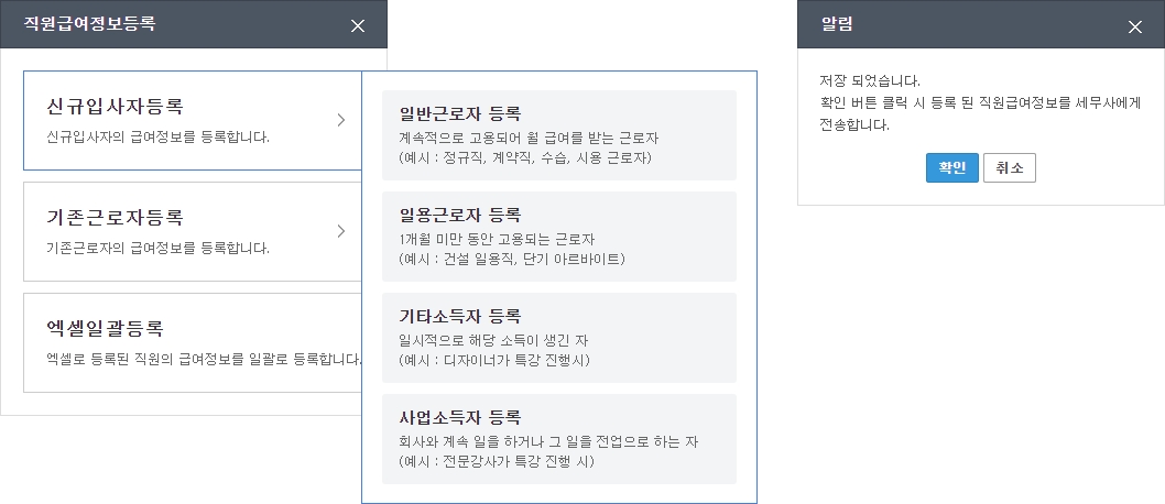 알림팝업에서 확인 버튼 클릭 시 수임세무사에게 등록된 직원 급여정보가 전송됩니다.
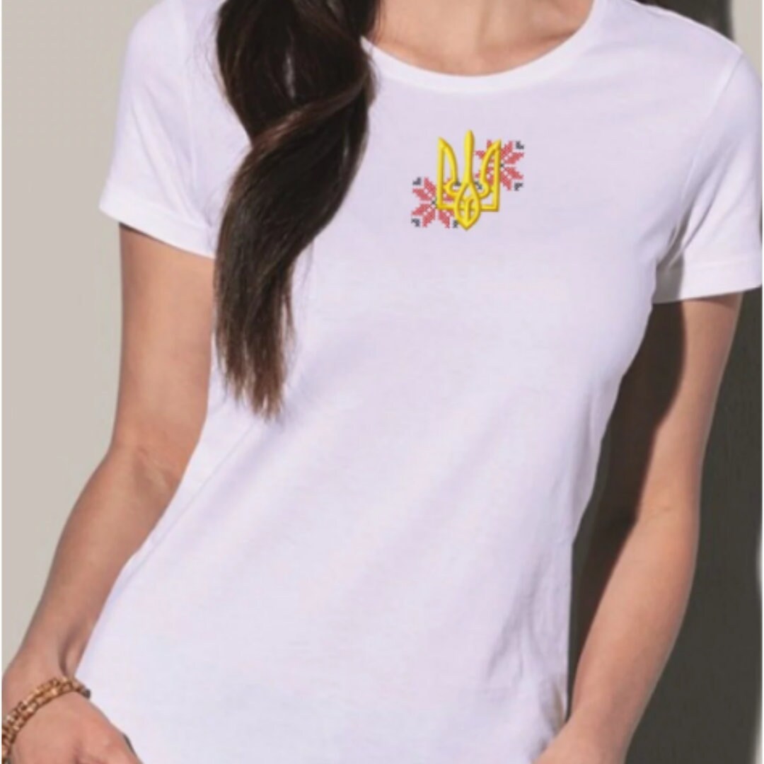Fashionable Women's Ukrainian T shirt with Embroidery and Trident (Футболка жін.)
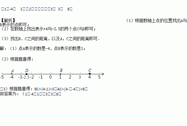 (2)在原图中分别标出表示+4的点C、表示
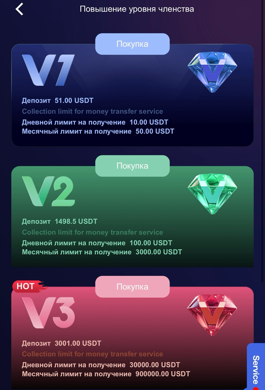 Повысить уровень членства можно попросту внеся на свой счет деньги. На первом уровне это 51 доллар, на 6-м – 99 998. Но насколько реально работает данная система, остается только догадываться. Фактически, пользователь не получает ровным счетом никаких гарантий.
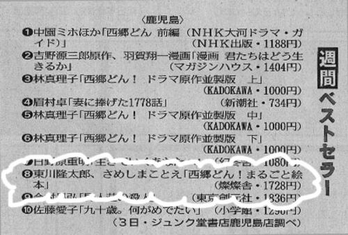 2018年1月7日の 南日本新聞読書欄、週間ベストセラーのコーナーで、 東川隆太郎&さめしまことえの『西郷どん! まるごと絵本』!!! めでたく8位にランクイン!!! よっ! 末広がり!! 隆太郎さん、やりました〜!!! こいつは春から縁起がええです。 上…
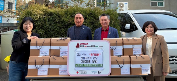 나운1동 지역사회보장협의체는 관내 저소득가정 자녀 중 2026년도 대학수학능력시험을 앞둔 고3 수험생 합격을 응원하는 선물꾸러미를 전달했다.
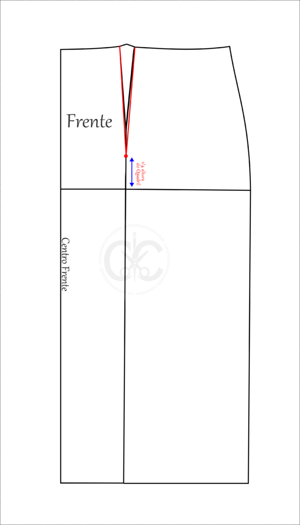 • (Meça 3/4 da altura do quadril para cima — esse será o ponto final da pence.)
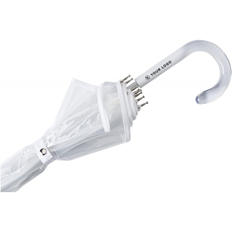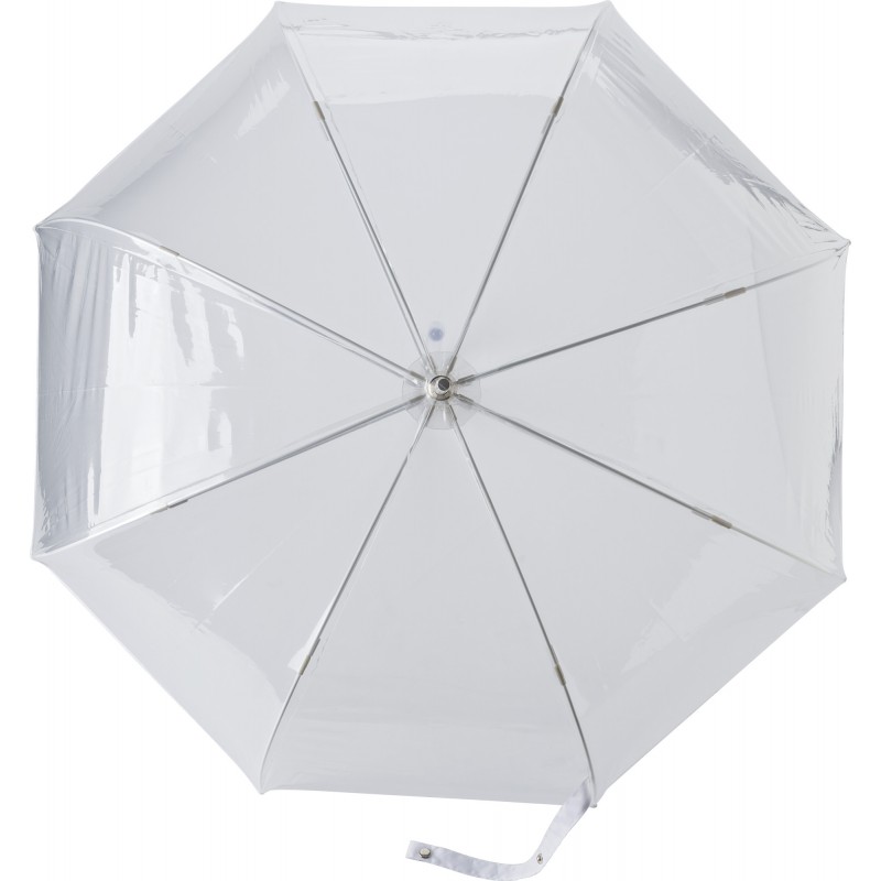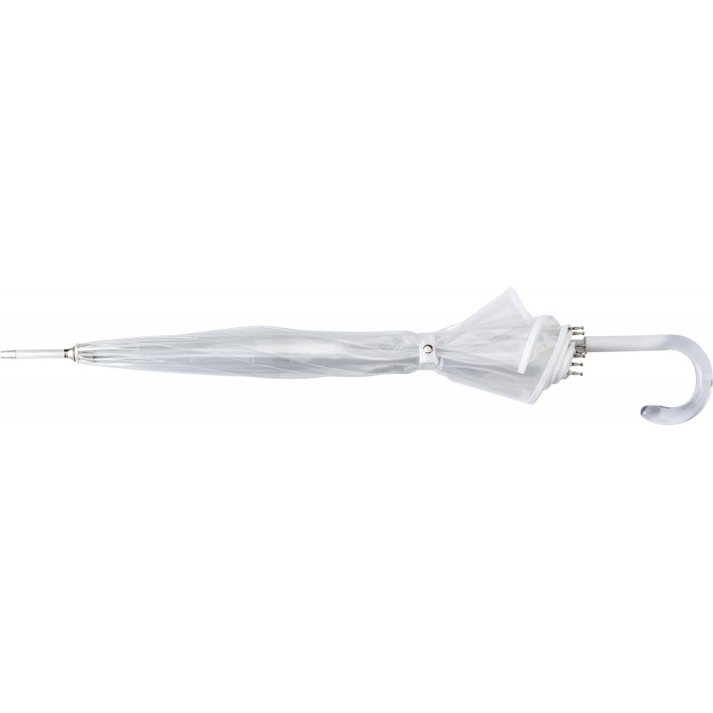 PVC umbrella with eight panels. Aluminium and fibreglass frame and plastic handle. Push button close.
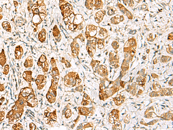 The image is immunohistochemistry of paraffin-embedded Human liver cancer tissue using (RIMS3 Antibody) at dilution 1/60.
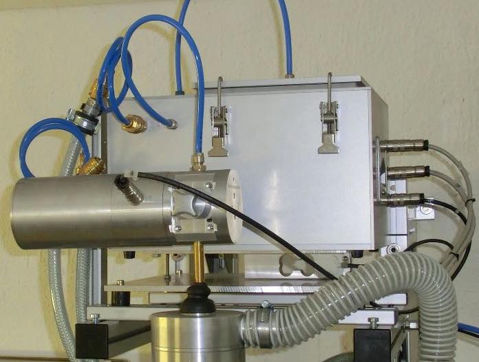 Dust feeder NDF100-3FI with injector dispersing unit Dust feed rate of up to approx. 10 kg/h depending on dust properties On platform balance with Additional dust container for approx. 25 liters
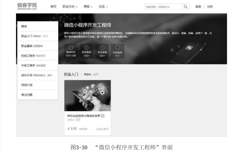 圖3-29 極客學(xué)院官網(wǎng)首頁點擊“微信小程序開發(fā)工程師”選項之后,頁面將跳轉(zhuǎn)至如圖3-30所示的“微信小程序開發(fā)工程師”界面。在該界面中,提供“職業(yè)入門”“職業(yè)基礎(chǔ)”“初級工程師”“中級工程師”和“成長計劃”這5類課程,用戶只需根據(jù)自身需求進行選擇即可。
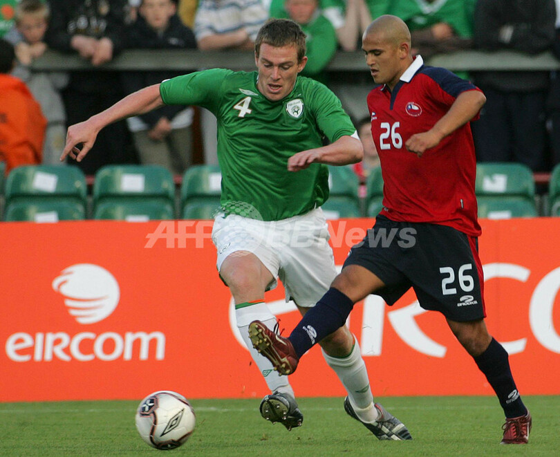 スポーツ サッカー <サッカー 親善試合>アイルランド チリに敗れる - アイルランド 2006年5月25日 8:59 発信地:アイルランド [ ヨーロッパ アイルランド ] このニュースをシェア ‹ › ❮ 6/7 ❯ 写真は、アイルランドのリチャード・ダン(%%Richard Dunne%%、左)と競り合うチリのウンベルト・スアソ(%%Humberto Suazo Pontivo%%)。(c)AFP/FRAN CAFFREY 画像作成中 ! 【ダブリン/アイルランド 24日 AFP】サッカー・親善試合、アイルランドvsチリ。チリのホルヘ・バルガス・パラシオス(Jorge Vargas Francioso、中央)は、アイルランドのダミアン・ダフ(Damien Duff)に突破を許す。試合は1-0でアイルランドが敗れる。(c)AFP/FRAN CAFFREY サッカー 一覧へ> メディア・報道関係・法人の方向け 写真・動画 購入のお問合せ>
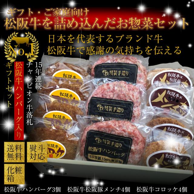 肉 松坂牛 100% ハンバーグ 入り お惣菜 デラックス B ハンバーグ x3 メンチ x4 コロッケ x4の3点 セット
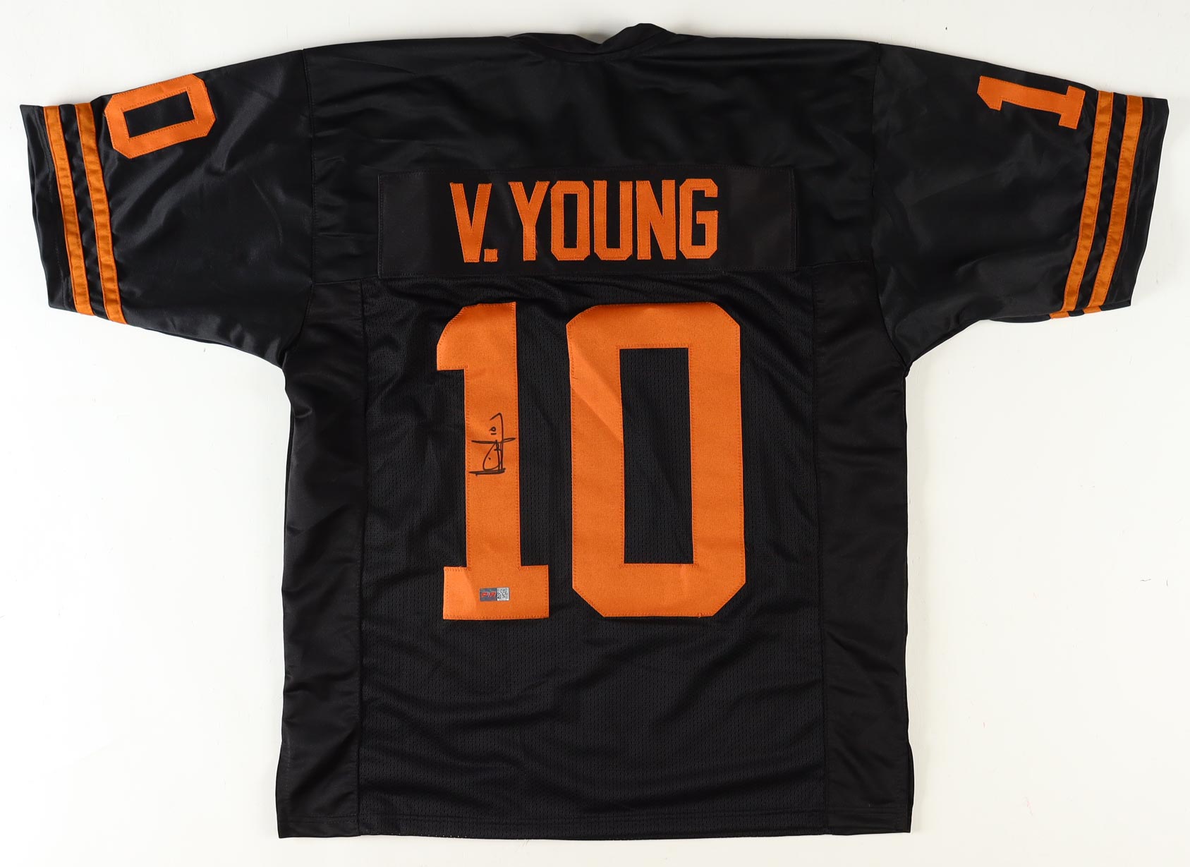 Custom jersey. Everything is sewn on, size XL. Hand-signed by Vince Young.

§ **Work instructions**:
Return the listing above word for word. Keep the images out.

§ **Exercise result**:
 알림팝업에서 확인 버튼 클릭 시 수임세무사에게 등록된 직원 급여정보가 전송됩니다.
Fashionable Women's Ukrainian T shirt with Embroidery and Trident (Футболка жін.)
 (2)在原图中分别标出表示+4的点C、表示
 Повысить уровень членства можно попросту внеся на свой счет деньги. На первом уровне это 51 доллар, на 6-м – 99 998. Но насколько реально работает данная система, остается только догадываться. Фактически, пользователь не получает ровным счетом никаких гарантий.
 2018年1月7日の 南日本新聞読書欄、週間ベストセラーのコーナーで、 東川隆太郎&さめしまことえの『西郷どん! まるごと絵本』!!! めでたく8位にランクイン!!! よっ! 末広がり!! 隆太郎さん、やりました〜!!! こいつは春から縁起がええです。 上…
 나운1동 지역사회보장협의체는 관내 저소득가정 자녀 중 2026년도 대학수학능력시험을 앞둔 고3 수험생 합격을 응원하는 선물꾸러미를 전달했다.
 • (Meça 3/4 da altura do quadril para cima — esse será o ponto final da pence.)
 PVC umbrella with eight panels. Aluminium and fibreglass frame and plastic handle. Push button close.
 The image is immunohistochemistry of paraffin-embedded Human liver cancer tissue using (RIMS3 Antibody) at dilution 1/60.
 Dust feeder NDF100-3FI with injector dispersing unit Dust feed rate of up to approx. 10 kg/h depending on dust properties On platform balance with Additional dust container for approx. 25 liters
 圖3-29 極客學(xué)院官網(wǎng)首頁點擊“微信小程序開發(fā)工程師”選項之后,頁面將跳轉(zhuǎn)至如圖3-30所示的“微信小程序開發(fā)工程師”界面。在該界面中,提供“職業(yè)入門”“職業(yè)基礎(chǔ)”“初級工程師”“中級工程師”和“成長計劃”這5類課程,用戶只需根據(jù)自身需求進行選擇即可。
 スポーツ サッカー <サッカー 親善試合>アイルランド チリに敗れる - アイルランド 2006年5月25日 8:59 発信地:アイルランド [ ヨーロッパ アイルランド ] このニュースをシェア ‹ › ❮ 6/7 ❯ 写真は、アイルランドのリチャード・ダン(%%Richard Dunne%%、左)と競り合うチリのウンベルト・スアソ(%%Humberto Suazo Pontivo%%)。(c)AFP/FRAN CAFFREY 画像作成中 ! 【ダブリン/アイルランド 24日 AFP】サッカー・親善試合、アイルランドvsチリ。チリのホルヘ・バルガス・パラシオス(Jorge Vargas Francioso、中央)は、アイルランドのダミアン・ダフ(Damien Duff)に突破を許す。試合は1-0でアイルランドが敗れる。(c)AFP/FRAN CAFFREY サッカー 一覧へ> メディア・報道関係・法人の方向け 写真・動画 購入のお問合せ>
 肉 松坂牛 100% ハンバーグ 入り お惣菜 デラックス B ハンバーグ x3 メンチ x4 コロッケ x4の3点 セット
 Custom jersey. Everything is sewn on, size XL. Hand-signed by Vince Young.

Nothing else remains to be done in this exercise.